This kind of concern has contributed to the image of the philosopher as
standing aside from and impervious to all the ups and downs of everyday
existence. Michel de MONTAIGNE declared that “to philosophize is to learn to
die,” indicating that the philosopher can be philosophical even in the face of
death. The Stoic thinkers (see STOICISM) are usually seen as the epitome of
this sense of philosophy. They maintained their philosophical attitude of calm
reflection in the face of all sorts of temporary disasters.
Because the term philosophy has various meanings, the nature of the field can
be most easily grasped by examining the kinds of problems and questions the
field deals with. In the beginnings of Western philosophy, the pre-Socratic
thinkers dealt primarily with a metaphysical question: What is the nature of
ultimate reality as contrasted to the apparent reality of ordinary experience?
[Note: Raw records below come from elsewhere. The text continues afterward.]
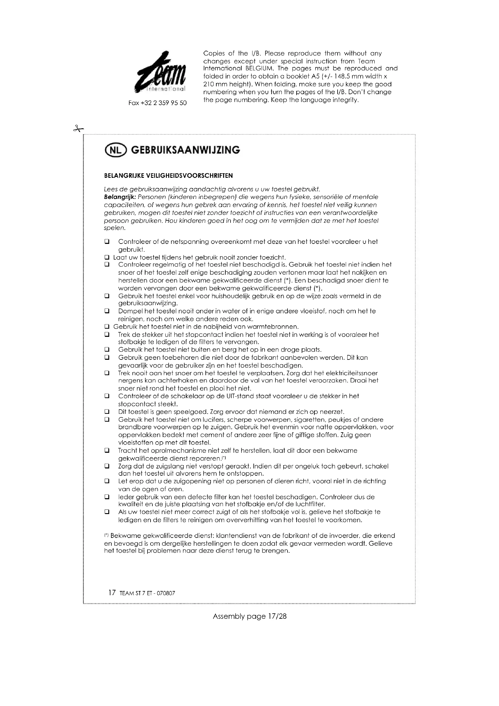 Beschermingsfilter voor de motor Deze filter bevindt zich aan de ingang van de motor onder het deksel van het toestel, achter het stofbakje. Om deze beschermingsfilter te reinigen (ongeveer alle 3 maanden) dient u hem uit het toestel te verwijderen en in een zeepsop onder te dompelen. Luchtfilter Reinig van tijd tot tijd ook de luchtfilter die zich aan de achterkant van het toestel bevindt. Open daartoe het roostertje en neem de filter eruit, reinig hem en plaats hem terug in het toestel en sluit het roostertje. Zorg er wel altijd voor dat de filter volledig droog is vooraleer u hem weer in het toestel plaatst. OPMERKING: Na een bepaald aantal reinigingen zullen de filters beschadigd zijn of zullen ze niet meer hun oorspronkelijke vorm aannemen. In dit geval, gelieve contact op te nemen met de dichtstbijzijnde klantendienst om u nieuwe filters aan te schaffen. Copies of the I/B. Please reproduce them without any changes except under special instruction from Team International BELGIUM. The pages must be reproduced and folded in order to obtain a booklet A5 (+/- 148.5 mm width x 210 mm height). When folding, make sure you keep the good numbering when you turn the pages of the I/B. Don’t change the page numbering. Keep the language integrity.
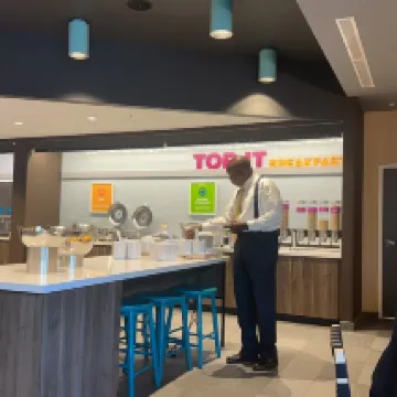 El Tru fue espectacular. Estaba impecablemente limpio y el personal es eficiente y amable. No hay restaurante en el interior, pero hay muchas opciones para elegir sus propias opciones de comida, refrigerios y bebidas. Cerca del Centro de Convenciones de Orlando y de muchos otros restaurantes y atracciones. Me quedaría de nuevo
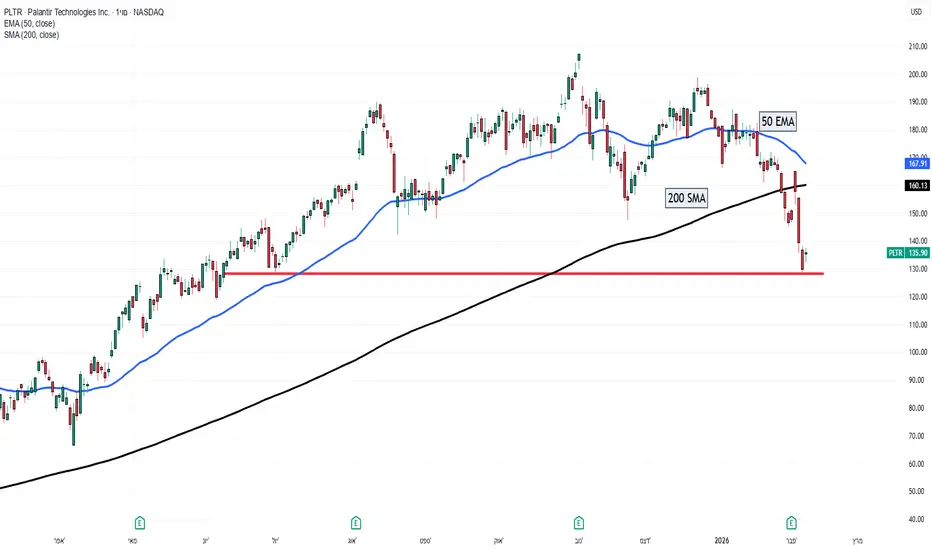 פלנטיר לא פתחה את שנת 2026 באופן חיובי, אחרי שב3 השנים האחרונות המניה עלתה בלמעלה מ1550%! מניית פלנטיר צנחה בחודש האחרון בלמעלה מ25%! מטווח מחירי ה $200+- לטווח מחירי ה $130-$150.
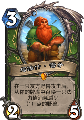 效果:在一只友方野獸攻擊后,從你的牌庫中召喚一只法力值消耗減少1點的野獸
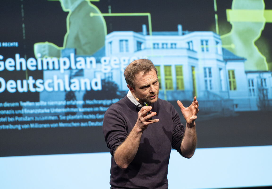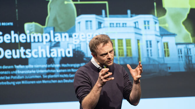 Jean Peters leitete damals die investigative Recherche zum Treffen der Rechtsextremen in Potsdam, in deren Folge Millionen von Menschen in ganz Deutschland für Demokratie und Menschenrechte auf die Straßen gingen. In Reutlingen legt er seine Clownsbrille ab und skizziert den rund 250 Interessierten, wie die Recherche ablief. Peters, dessen Name ein Pseudonym ist, befand sich im Oktober auf Sizilien, als eine entscheidende Nachricht auf seinem Handy "aufploppte", so erzählt er. Darin ein Brief, in dem zwei Männer, Gernot Mörig, ein rechtsextremer Zahnarzt, und Hans-Christian Limmer, ein bekannter Investor im Gastro-Bereich, zu einem Treffen innerhalb der rechten Szene einladen. "Sie luden zu einem patriotischen Treffen ein, bei dem sie Deutschland retten, einen Masterplan aufstellen und eine Strategie planen wollten
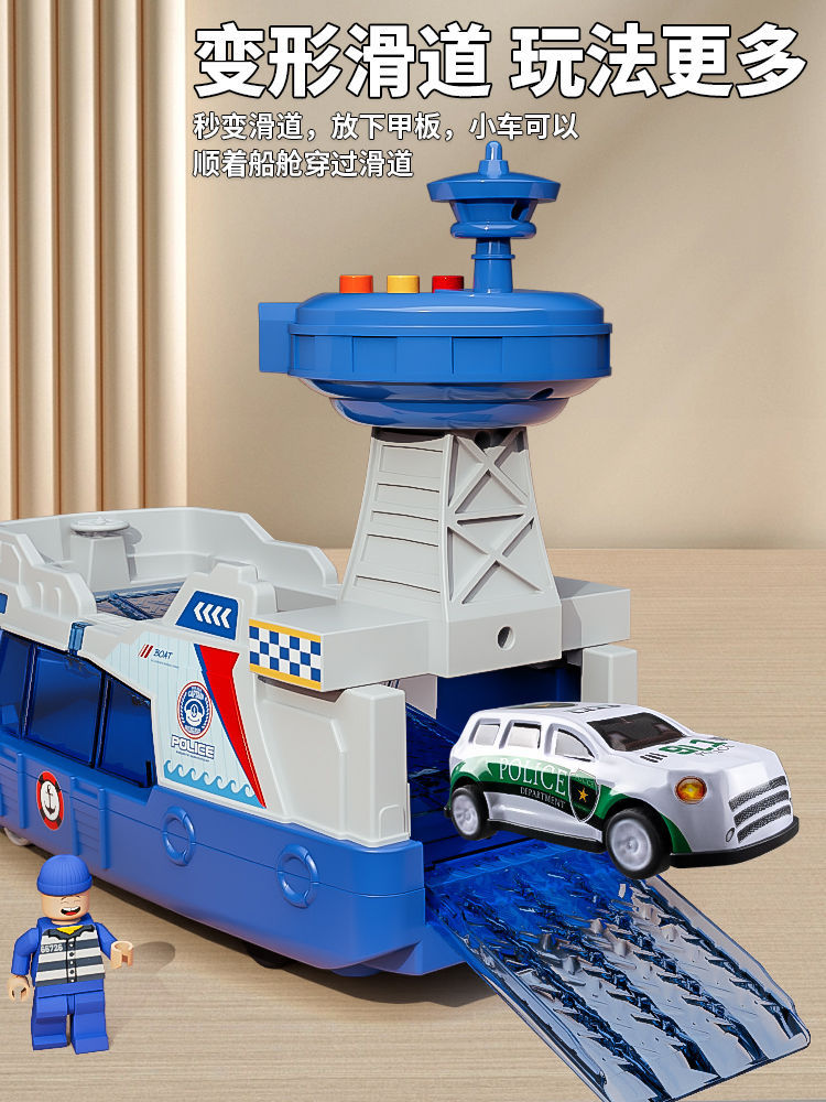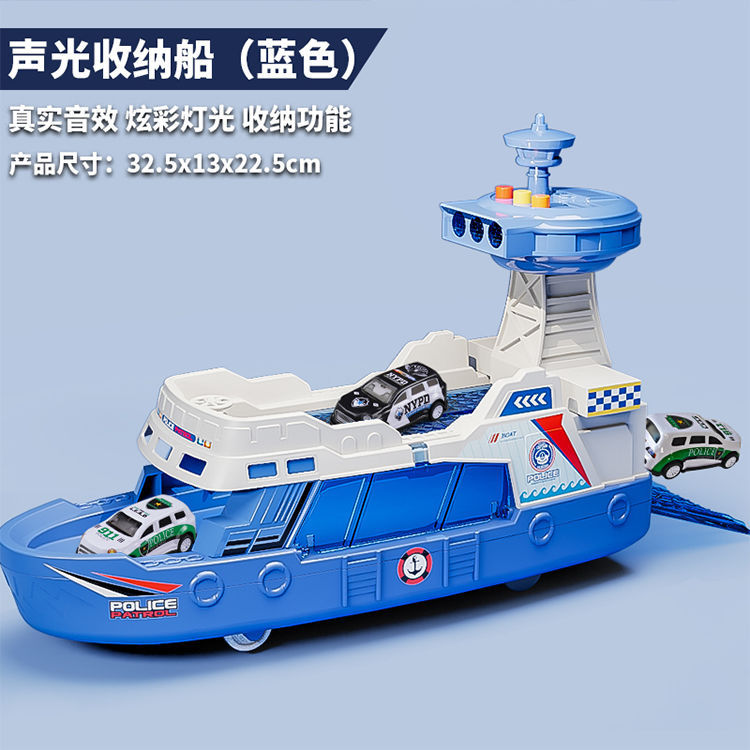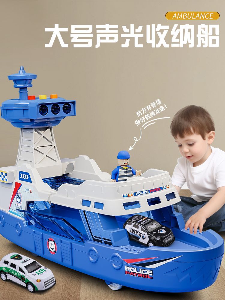 • 대형 소리와 빛 저장 바다 경찰선 [무료 자동차 3대 + 인형 5개]

They tried to determine whether some ultimate constituents of the world would
be the real and basic elements, whereas everything else would be ephemeral and
merely a surface appearance. If such a reality existed, would it be permanent
and unalterable, or would it be subject to change or alteration like everything
else? The pre-Socratics generated some of the basic problems involved in
defining reality, that is, in finding something so basic that it cannot be
explained by anything else. They found their attempts to present logical
explanations of their metaphysical theories ran into paradoxical results.
Could a permanent, unchanging reality account for a changing world? ZENO OF
ELEA became famous for working out his paradoxes, which claimed nothing could
really change or move. Some of his paradoxes and some of those connected with
the Greek ATOMISM still play a role in modern theoretical physics.
Over time, some aspects of the attempt to delineate reality became separated
from the metaphysical quest and became the subject matter of the various
natural sciences. This development has accelerated since the 17th century.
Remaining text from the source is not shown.